En attendant l’intervention militaire en Libye, la guerre contre Boko Haram

25/03/2015

Enfin, diront certains. Après des années de relative indifférence, face à l’inaptitude des forces de sécurité nigérianes à endiguer les actions terroristes de Boko Haram, les pays de la région se liguent pour porter un coup décisif à un mouvement ultra-violent qui sévit non seulement dans le Nord-Est du Nigeria mais qui a pris ses aises au Cameroun et au Niger et menace le Tchad. Embuscades ou assassinats ici et là, dépôts d’armes, enlèvements de citoyens occidentaux s’ajoutent à la litanie des actions violentes perpétrées contre une population nigériane trop souvent abandonnée.

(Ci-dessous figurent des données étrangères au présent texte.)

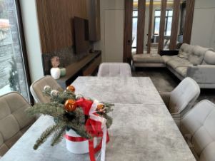 Планировка дома включает три спальни, просторную кухню-гостиную, бытовую комнату и два санузла. В отделке использованы качественные современные материалы. Инженерное оснащение обеспечивает полную автономность и комфорт: отопление дома осуществляется от энергосберегающего электрокотла + камин в гостиной, водоснабжение — из собственной скважины, водоотведение — через локальную очистную станцию. На участке проведен высокоскоростной интернет и телевидение, смонтирована система видеонаблюдения. Электроснабжение разрешенной мощностью 15 кВт достаточно для всех нужд.

Tel est le discours entendu aujourd’hui pour justifier une intervention militaire dont le Tchad a pris l’initiative, fort de sa participation à l’opération Serval et de l’hospitalité qu’il fournit à l’état-major de l’opération Barkhane. En l’espace de quelques semaines, les forces tchadiennes associées à leurs homologues camerounaises et nigériennes ont ainsi ouvert deux fronts et amorcé un mouvement de prise en tenaille des combattants du mouvement radical nigérian. Les victoires se multiplient et laissent augurer la tenue des élections au Nigeria, reportées officiellement à cause de la situation sécuritaire dans le Nord-Est du pays.

On doit cependant accepter d’aller au-delà de ces pétitions de principe et questionner l’évidence pour ne pas avoir à affronter les déconvenues provoquées ailleurs, au Mali notamment. Seront évoquées ici plusieurs aspects qui tiennent à l’enracinement de Boko Haram, à la nature problématique d’une victoire militaire contre un tel groupe, à une situation régionale plus complexe qu’elle n’apparaît dans ce sursaut commun contre l’organisation islamiste et enfin aux conséquences attendues ou moins attendues de cette intervention militaire.


Boko Haram n’est pas un problème nouveau dans l’univers politique et religieux du Nigeria. On ne reviendra pas sur l’histoire ce groupe en détail si ce n’est pour rappeler deux points importants. D’une part, son développement a été possible grâce à une connivence de ses dirigeants avec certaines élites du Nord-Est du pays qui entendaient ainsi manifester leur insatisfaction profonde face à leur marginalisation croissante, notamment sous les présidences de Goodluck Jonathan (2010-2011 et 2011-2015). D’autre part, il a été accéléré par les importants dommages collatéraux consécutifs à la répression menée, avec une rare inefficacité par les forces de police et l’armée nigérianes, contre le mouvement.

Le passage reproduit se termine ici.